Start of RECORDS FOR PROCESSING

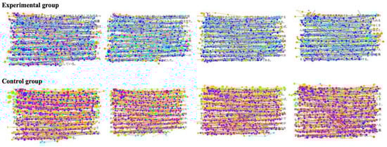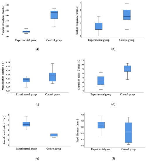 Based on the statistical comparison in Figure 5, t-test was conducted (Table 2). The results show that the number of fixations, fixation frequency, mean fixation duration, and regression count were all significantly lower for the experimental group compared to the control group (number of fixations, t = 13.375, p < 0.001; fixation frequency, t = −4.094, p < 0.001; mean fixation duration, t = 2.663, p < 0.05; regression count, t = 8.062, p < 0.001). In terms of the saccade amplitude, the experimental group was significantly higher than the control group (t = −6.473, p < 0.001). The pupil diameter in the experimental group was larger than that in the control group, although there were no significant differences (t = 1.961, p > 0.05).
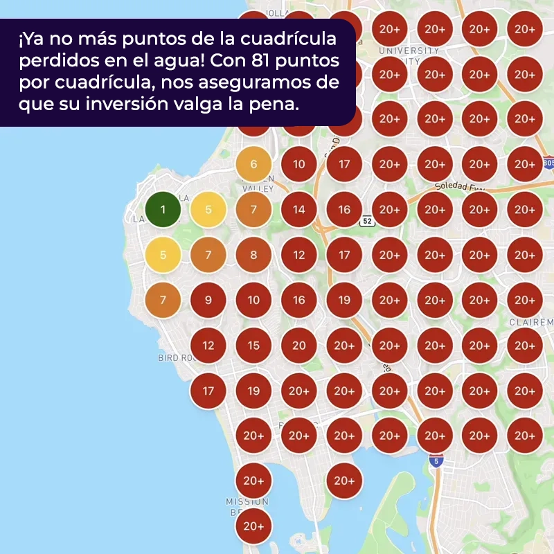 Obtén una representación visual clara de tu rendimiento en la búsqueda local. Nuestros informes de mapas de calor muestran exactamente dónde te posicionas en diferentes ubicaciones, ayudándote a rastrear el progreso e identificar oportunidades.
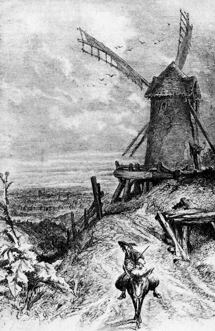 Je ne parlerai pas de l’aspect éclatant et pascal des entours d’aujourd’hui, qui avait remplacé l’aspect si néfaste et comme « à travers des glaces obscurcies » d’autrefois, ni des ailes qui viraient actuellement dans le ciel du second moulin, jadis si immobile, et dont la présence avait mis un malaise en mon coup d’œil, mais le premier des géants noirs, celui que j’avais toujours vu le plus exactement, me semblait incomparablement plus élevé qu’en ma nuit d’octobre, « comme s’il avait grandi plus vite que les arbres, » ou qu’un insolite événement eût troublé ses proportions par rapport à la ville, et je voulus immédiatement examiner cette infidélité.
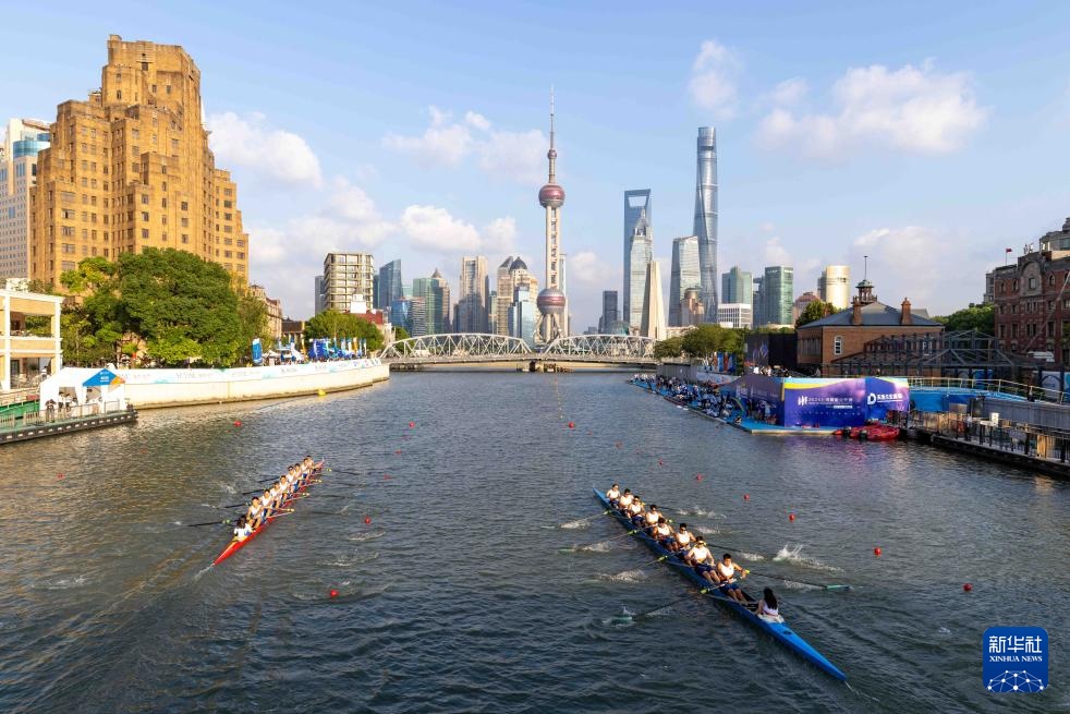 9月28日,上海海洋大學賽艇隊(下)在八人艇500米城市沖刺賽高校組M8+比賽中。
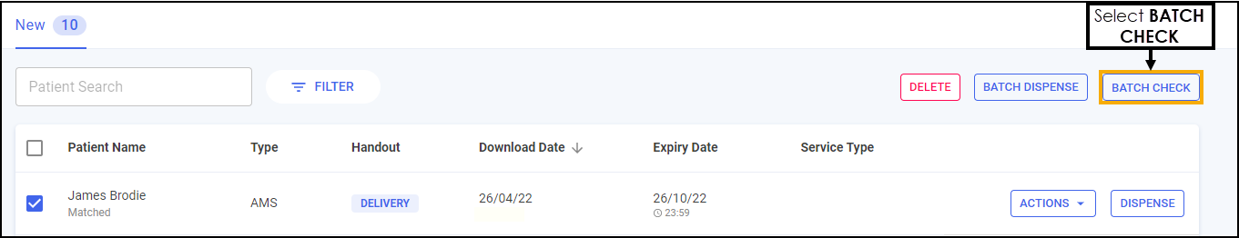 From the Prescriptions - New screen, highlight one or more prescriptions for the same patient and then select BATCH CHECK
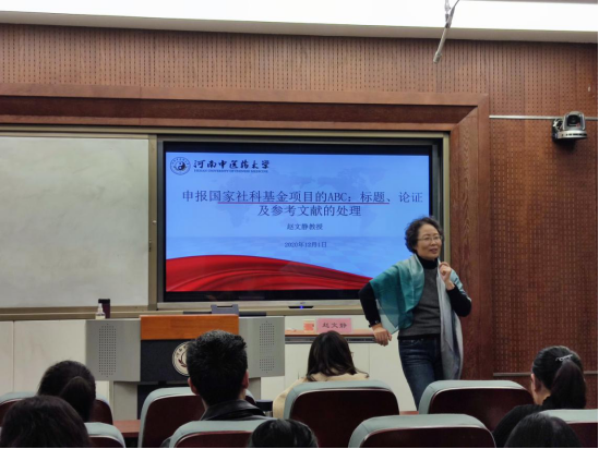 本网讯(文/蒋宜轩 图/池晓华)2020年12月1日下午,由科学技术处主办、外语学院承办的“百家论坛”在教学楼A633举行。河南师范大学赵文静教授应邀作了题为“申报国家社科基金项目的ABC:标题、论证及参考文献的处理”的专题讲座,leyu·乐鱼(中国)体育官方网站100多名师生聆听讲座。讲座由外语学院副院长朱文晓主持。
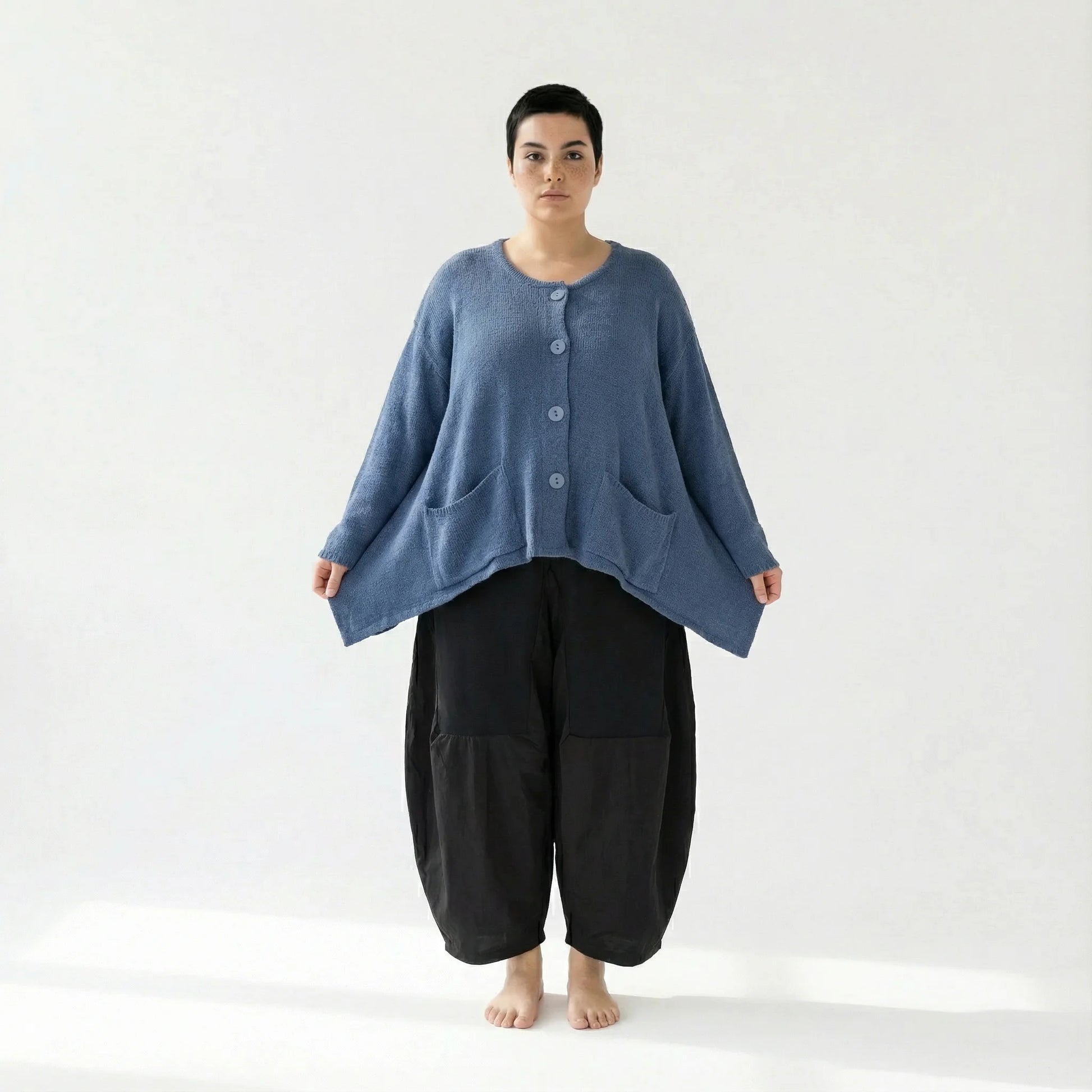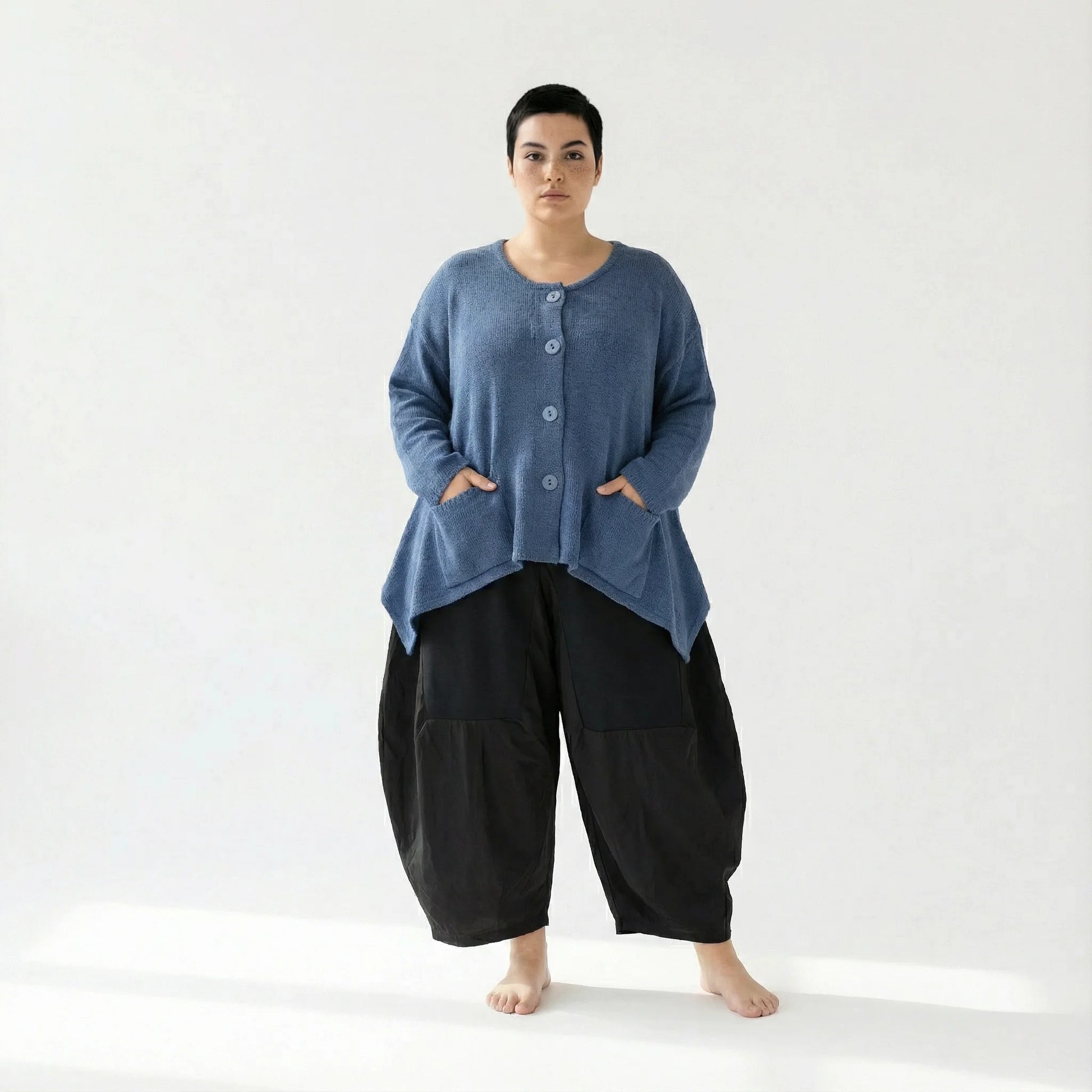 A-Form Jacke von AKH Fashion aus Viskose, 1537.00118, Azurblau, Meliert, Ausgefallen
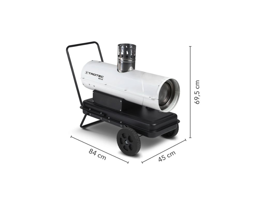 Das kleinste Ölheizgebläse der IDE-Serie von Trotec trumpft groß auf, wenn Sie auf der Suche nach einer kompakten und ebenso preisgünstigen wie zuverlässigen Öl-Beheizungslösung für flexible Beheizungseinsätze sind. Ob Werkstatt, Lager, Produktion oder Baustelle – mit 20 kW Heizleistung erzeugt das IDE 20 souverän saubere und trockene Heißluftmengen von bis zu 600 m³/h.
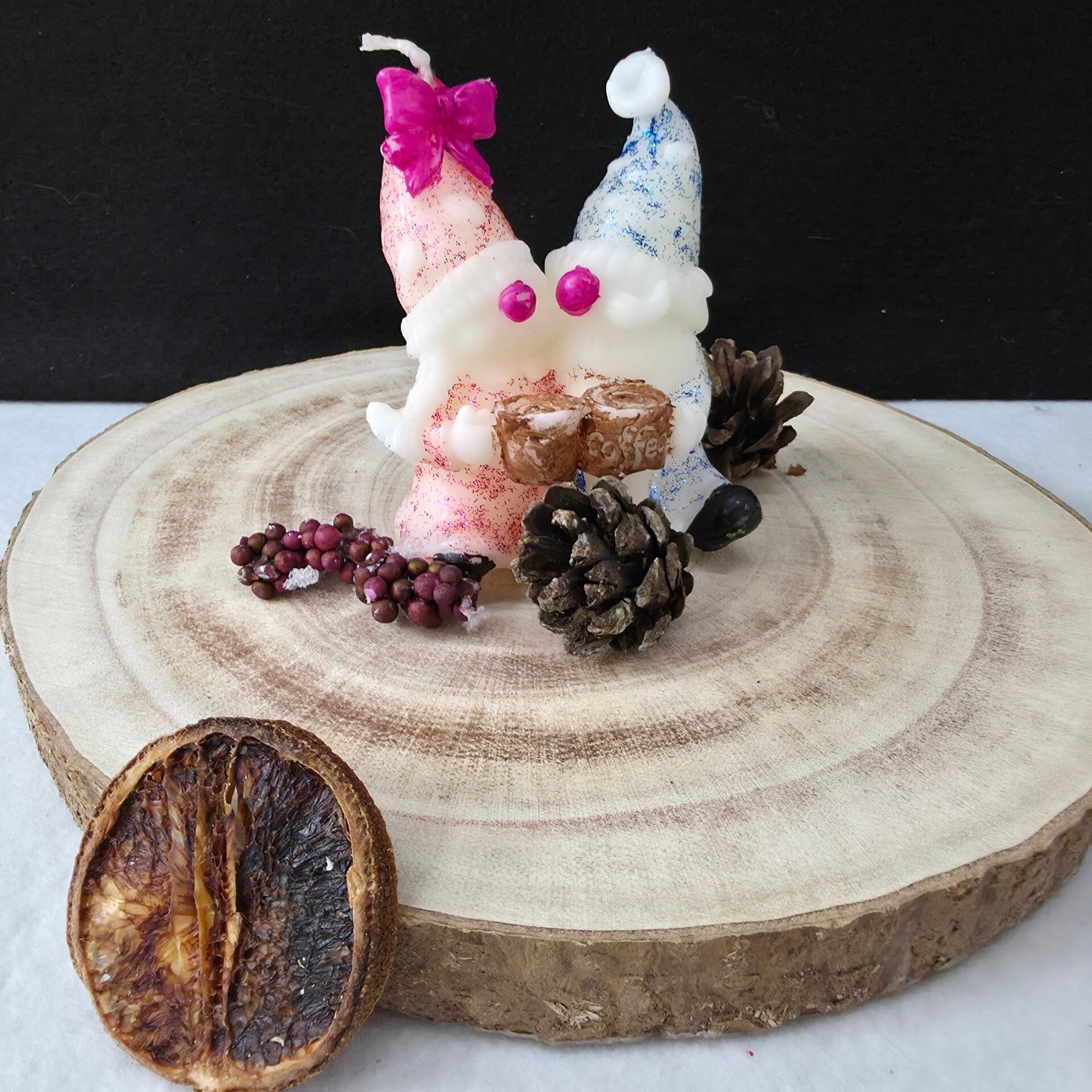 Zwei fröhliche Wichtel mit funkelnden Mützen und liebevollen Details – perfekt für die Weihnachtszeit.

End of RECORDS FOR PROCESSING

▶ [GOAL OF THE EXERCISE]: Start at the line above containing "本网讯(文/蒋宜轩 图/池晓" and stop at the line containing "A-Form Jacke von": print those lines and everything between them exactly, but not the pictures.

▶ [RESULT OF THE EXERCISE]:
 本网讯(文/蒋宜轩 图/池晓华)2020年12月1日下午,由科学技术处主办、外语学院承办的“百家论坛”在教学楼A633举行。河南师范大学赵文静教授应邀作了题为“申报国家社科基金项目的ABC:标题、论证及参考文献的处理”的专题讲座,leyu·乐鱼(中国)体育官方网站100多名师生聆听讲座。讲座由外语学院副院长朱文晓主持。
 A-Form Jacke von AKH Fashion aus Viskose, 1537.00118, Azurblau, Meliert, Ausgefallen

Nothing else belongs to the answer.